But Hassan, like the others who appear in the film, has vanished from Aljafari’s life.
“I have no news of them. I only met Hassan once, on November 1, 2001. He worked as a fixer for foreign journalists. After that, I never saw him again. By 2004, Gaza had become almost impossible to access.”
The rediscovered footage revealed to the director not just personal memories but an enduring political reality.
“Even then, you could already see the conditions people were forced to live in. Looking at it now, 24 years later, you realise the extent of the injustice. Gaza has become a laboratory – first you shoot at them, then you put them under closure, and now, finally, you decide to kill them all.
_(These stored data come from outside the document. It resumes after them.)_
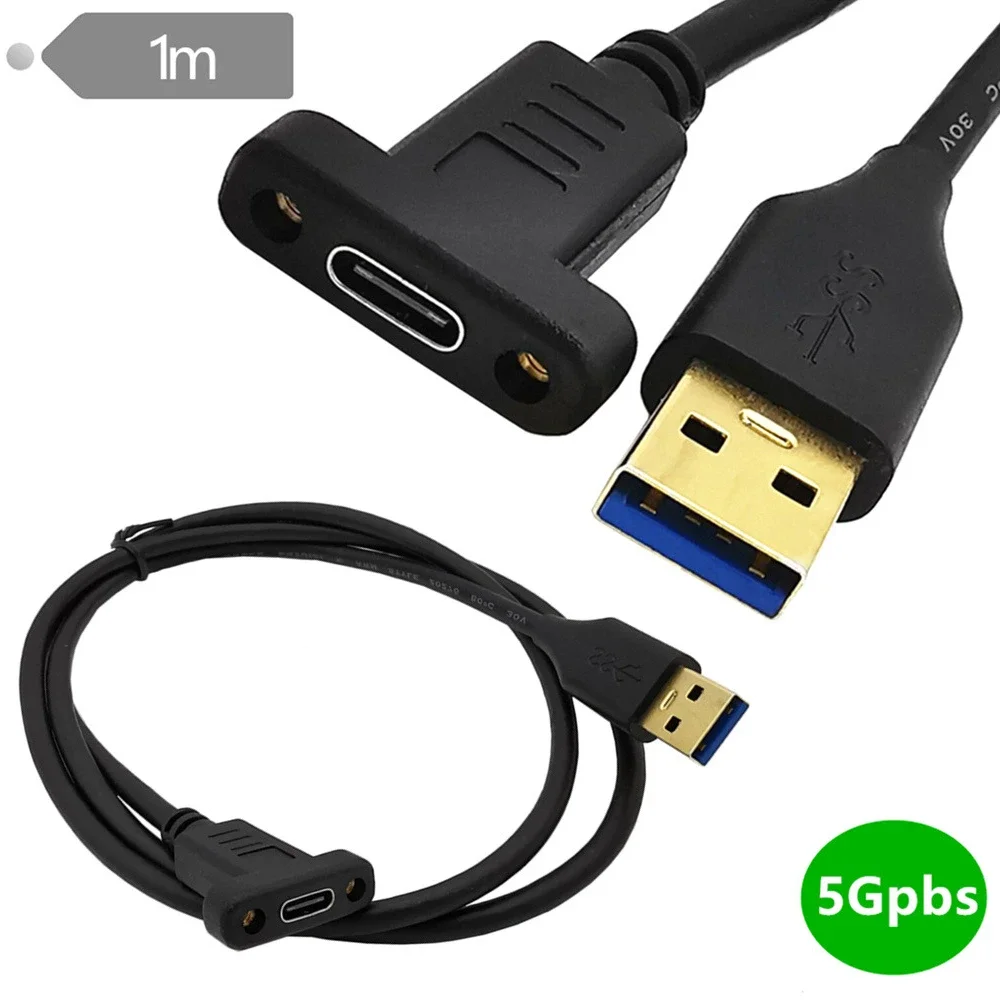 Comprar 5Gbps USB 3,0 tipo A macho a tipo C hembra con tornillo de montaje en Panel Cable convertidor de carga y datos para ordenador portátil PC 1m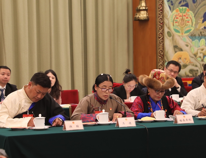 圖為其德在十四屆全國(guó)人大二次會(huì)議西藏代表團(tuán)開放團(tuán)組會(huì)議上發(fā)言攝影:桑吉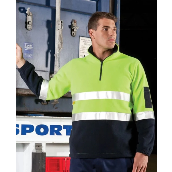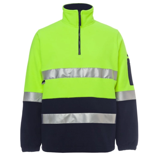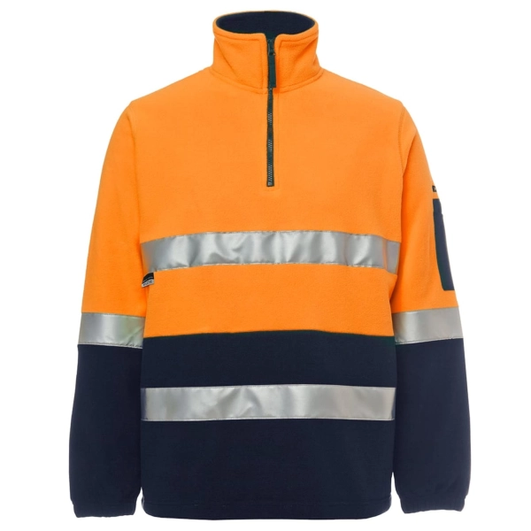 Classic fit | JB's reflective tape stands up to 50 times domestic wash | 100% Polyester for durability | 280 gsm low pill polar fleece fabric | Contrast panel at sleeves and lower front body | Two inseam side pockets and pen pocket on sleeve | Complies with Standard AS/NZS 1906.4:2010 and AS/NZS 4602.1:2011 Day and Night | Complies with Standard AS 4399:2020 for UPF Protection (UPF 50+) | Easy care fabric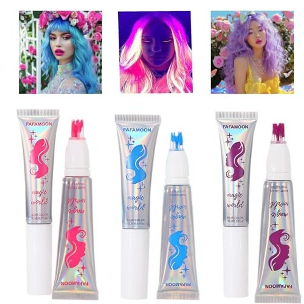 The Dulele three-color neon hair chalk comb is pure Y2K playground energy in stick form. Swipe streaks of pink, blue, or green through your hair for instant mall-rat transformation. It’s bold, non-committal, and perfect for that sleepover-to-concert pipeline.
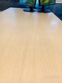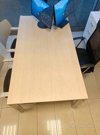 tre scrivanie in laminato rovere sbiancato con struttura in acciaio cromato e sei sedie ergonomiche e comode con seduta fissa, no rotelle.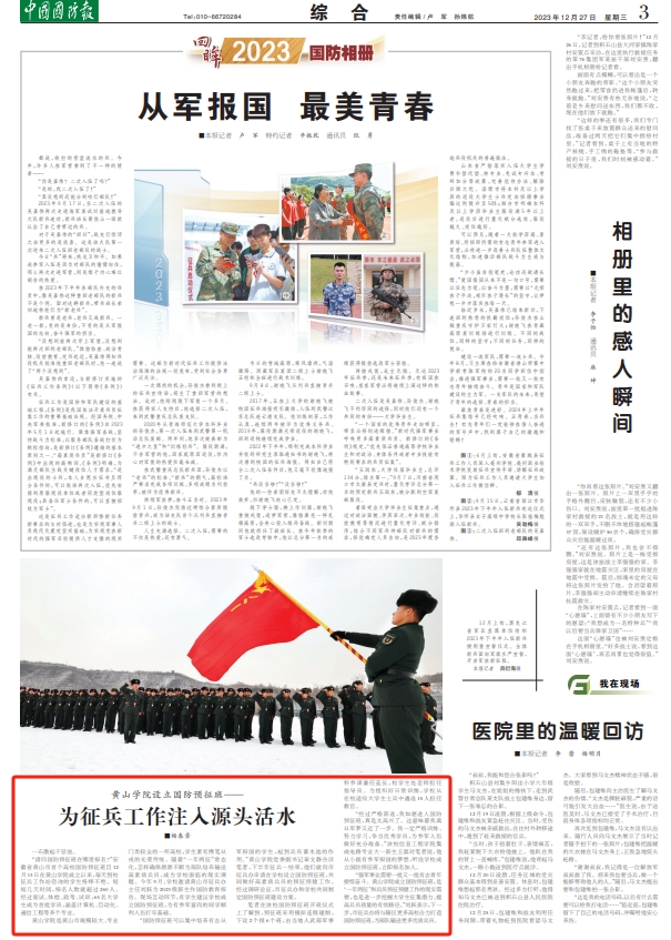 黄山学院是黄山市规模较大、专业门类较全的一所高校,学生素有携笔从戎的光荣传统。随着“一年两征”常态化,怎样确保源源不断为部队培养输送高素质兵员,成为学校面临的现实课题。今年9月,学校邀请黄山市征兵办主任刘跃为2023级新生作国防教育报告。现场互动环节,有学生建议学校成立国防预征班,为有参军意向的同学顺利入伍打牢基础。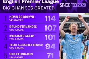 B費198場英超創(chuàng)造107次重大機會,同期僅次于114次的德布勞內(nèi)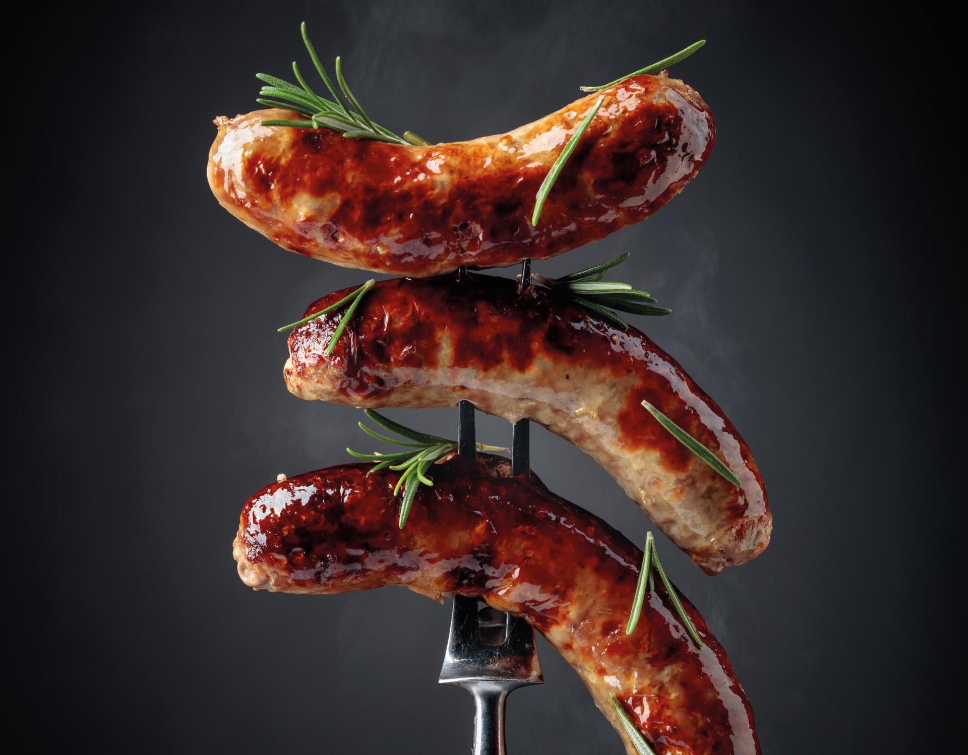 frische, gegrillte ilal. Bratwurst auf Rosmarinkartoffeln mit geräuchertem Mozzarella überbacken an Rucolasalat

This is the final solution they are implementing.”
Editing memory
Despite its decades-long slumber, the material required little intervention.
“I had three tapes in total, and I used almost all of them,” Aljafari explains.
“I didn’t even change the order of the shots. It was already a documentation, a kind of travelogue. My work in the editing room was mostly about sound and adding textual narration. What you see is how I found it.”
At one moment in the film, Hassan reassures someone being filmed that the footage is for a “future documentary” and that they won’t be recognisable.
“That wasn’t my intention back then,” Aljafari clarifies. “I wasn’t making a film; it was more research for an idea. Hassan probably said that to calm the man. Ironically, it became true – just not in the way either of us imagined.”
Working on the film also opened the door to the filmmaker’s own buried memories.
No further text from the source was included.